Shall I have feelings, or should I pretend to be cool? Will I seem hopelessly square if I find “Kick-Ass” morally reprehensible and will I appear to have missed the point? Let's say you're a big fan of the original comic book, and you think the move does it justice. You know what? You inhabit a world I am so very not interested in. A movie camera makes a record of whatever is placed in front of it, and in this case, it shows deadly carnage dished out by an 11-year-old girl, after which an adult man brutally hammers her to within an inch of her life. Blood everywhere. Now tell me all about the context.In my own review of Kick-Ass, I anticipated that some viewers my have problems with the depiction of Hit-Girl. While Kick-Ass isn't the deepest of movies, I feel that the movie effectively satirizes many super-hero cliches including the kid sidekick.
Since Dick Grayson teamed up with Bruce Wayne, the kid sidekick has been one of the most absurd elements in a genre filled with absurdity. For more than sixty years children dressed in colorful costumes have been depicted taking down hordes of evildoers with a minimum of bloodshed. I have enjoyed many of these tales, but I can still appreciate the irony of the concept taken to its extreme.

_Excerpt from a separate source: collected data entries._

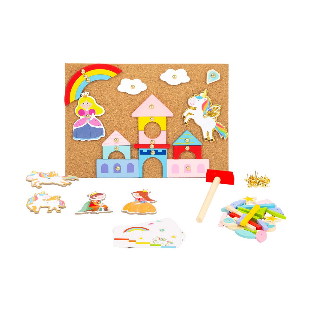 • Оборудван комплект с коркова дъска, два малки дървени чука, 100 малки пирона и 126 цветни дървени парчета ви дават начален сигнал за създаване на ваша собствена индивидуална картина.
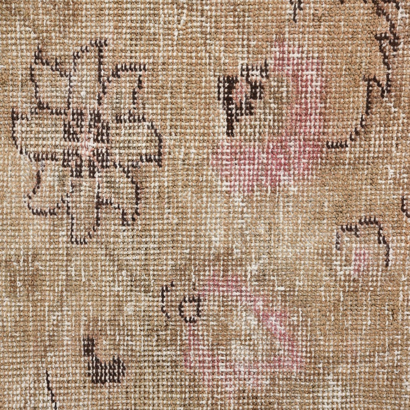 Primary color is Beige. Colors in this rug include: Beige, Brown, Ivory, Red.
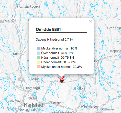 Gå in på sidan och zooma in på ditt område och välj ”små vattenmagasin” i kartans meny. Klickar du direkt på kartan visas SMHIs beräknade grundvattenvärde för det rödmarkerade området tillsammans med fakta om vad som anses vara normalt, högt eller under det normala.
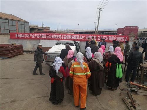 近期,在刚察县委、县政府的正确领导下,在各级部门的引导下,青海颖科农牧产业开发有限责任公司以扶贫产业化龙头企业的宗旨为引领,为我县哈尔盖镇贫困户进行帮扶,在哈尔盖镇举行了脱贫攻坚捐赠仪式。
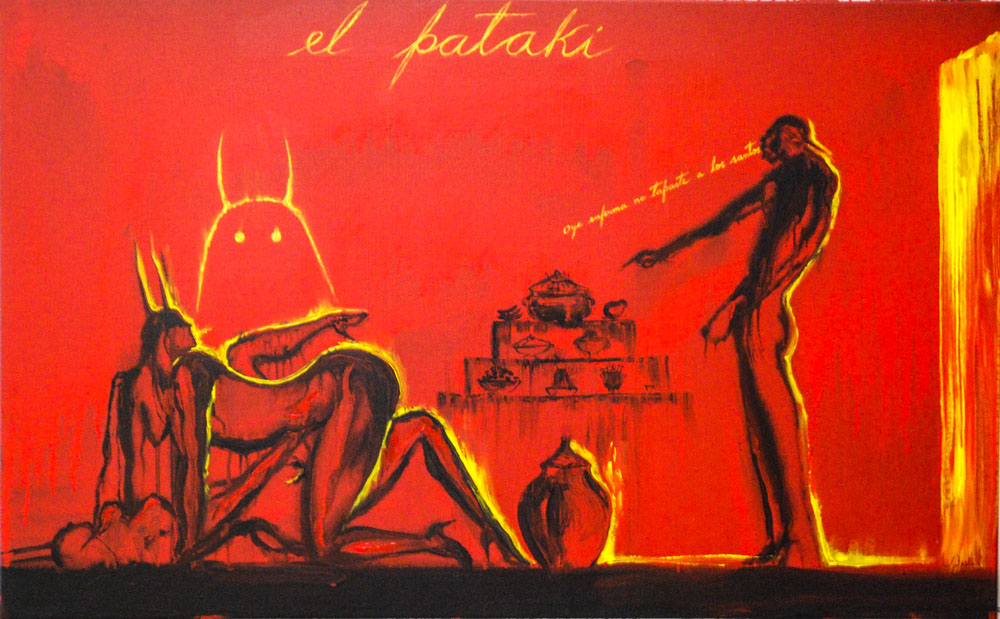 Clarita begins at the beginning, with a chaotic and promiscuous world. Her first exhibition is a seed, a small chaos looking for balance between primitive and western painting, between symbols and artistic values, between white and black in Cuban culture.
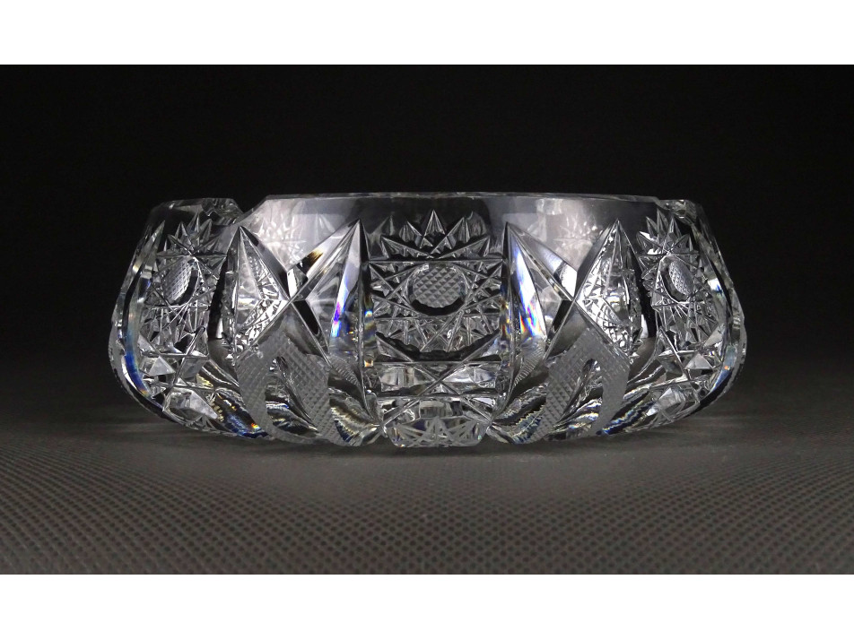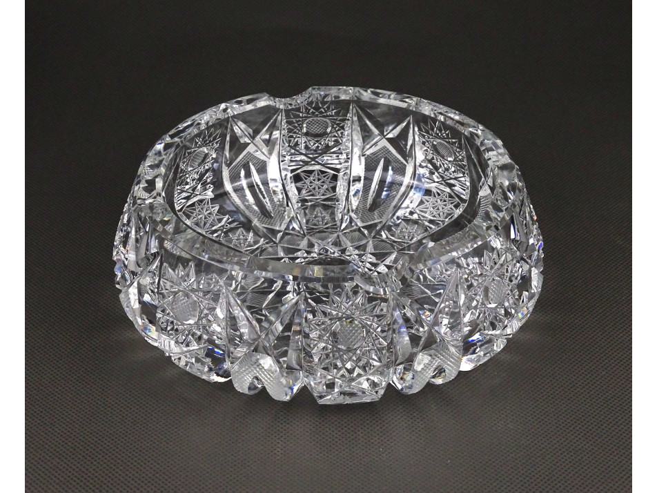 Régi, hibátlan állapotú, csiszolt kristály hamutál, részletgazdag díszítéssel. Négy személyes, négy állásos, vastagfalú kristály hamutál.
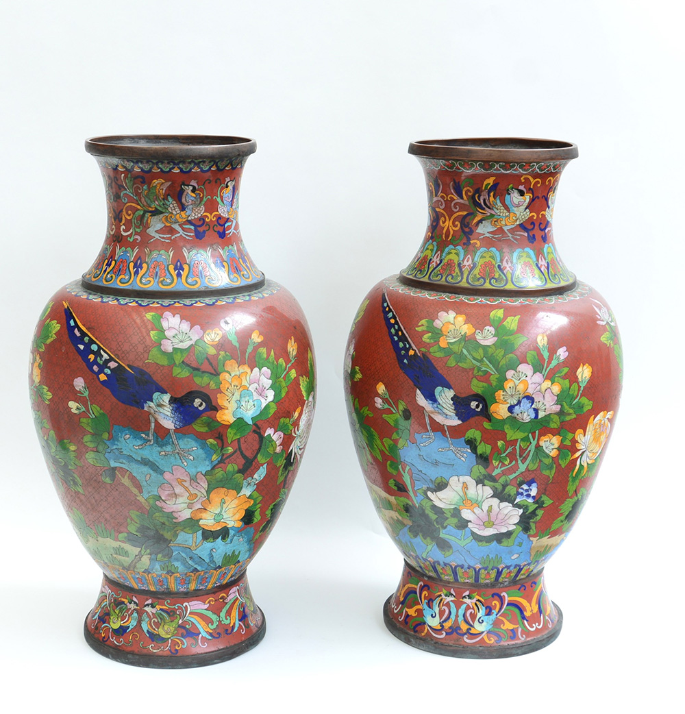 Coppia di vasi cloisonnÈ decorati con volatili tra rami in fiore su fondo rosso con creature fantastiche su fondo turchese (difetti) Cina, sec. XX (h. 66 cm.)
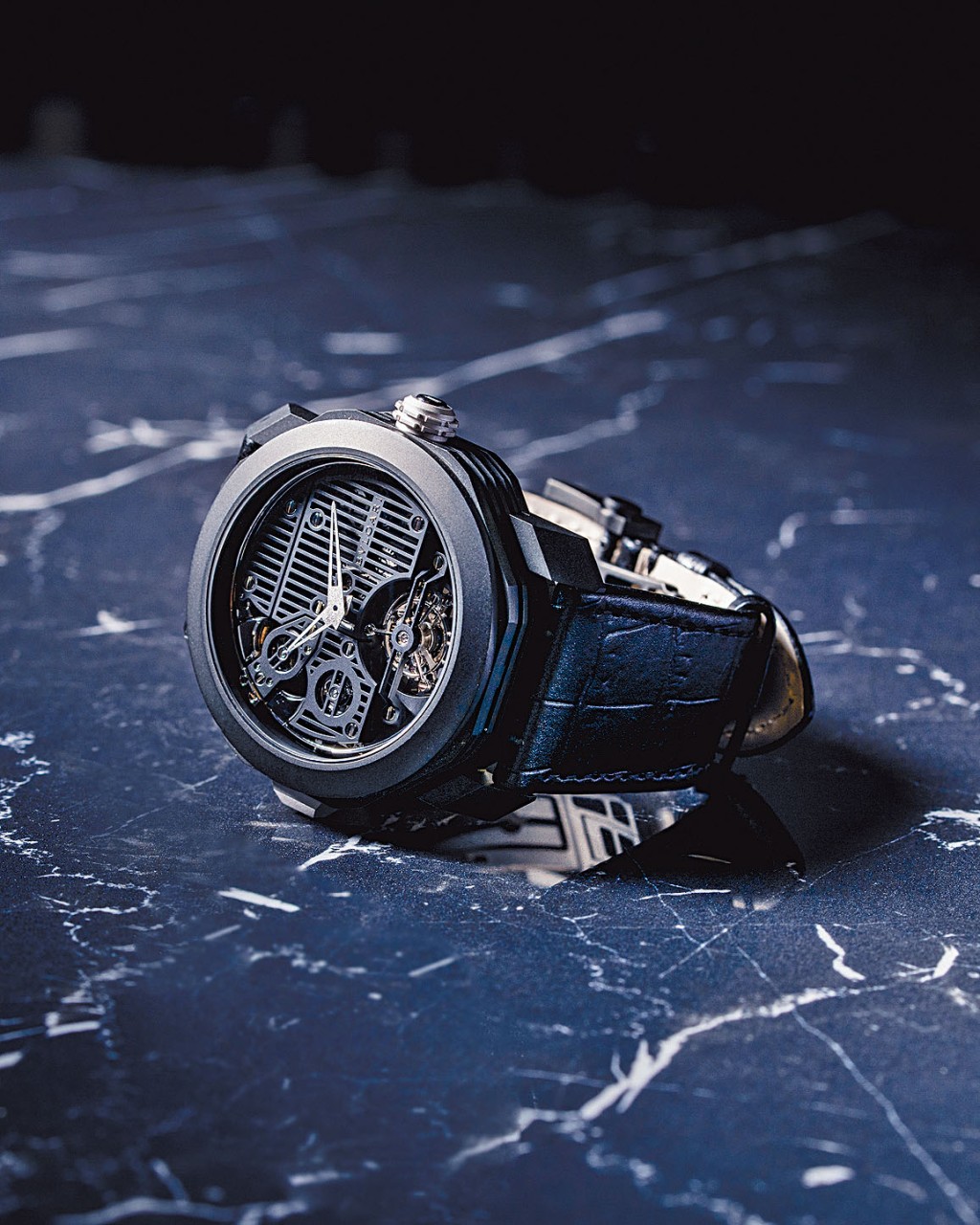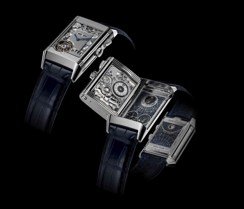 Reverso Hybris Mechanica Calibre 185是今年積家為慶祝Reverso系列推出的限量頂級複雜功能腕表,此腕表可說是反轉再反轉,因為不止於兩面、三面而是四面!這枚又名Reverso Quardriptyque的四面表用盡表殼兩面,還有表框底部的兩面。集十一項功能於一身,正面是萬年曆及陀飛輪,那三問報時呢?原來是設在第二面。這面設有偏心式時分盤,以跳時及外圍式分時設計,所顯示的第二時間與正面表面對應。表面底部可見到拋石器形的特強音鎚,報時裝置採用品牌自創全新設計,直接將報時水晶音簧固定在藍寶石水晶玻璃上。創新的方形切面音簧,可增加音錘和音簧接觸面及能量傳輸,配合鉸接式Trébuchet天秤錘,能清脆利落而有力地敲擊音簧。這些創新設計令此表能發出當今腕表中最為清脆響亮的報時聲。只要滑動表冠下方的槓桿,便會奏出美妙的報時旋律。附送精美表盒設有調校器,讓佩戴者在長時間閒置腕表後,仍能迅速並直接設定腕表所有日曆和天文顯示。

In addition, just because the movie features an 11-year old protagonist doesn't mean its intended for 11-year olds. My hope is that parents would exercise the same discretion about letting their kids view Kick-Ass as they would any other film with a high body count.
I still greatly admire Roger Ebert and he will remain my favorite movie critic. One of the great things about his reviews is that he shares the reasons why he likes or dislikes a film so clearly that the reader can almost anticipate if they will share Ebert's verdict.
In the case of Kick-Ass, Ebert sees little merit in the depiction of Hit-Girl while I do.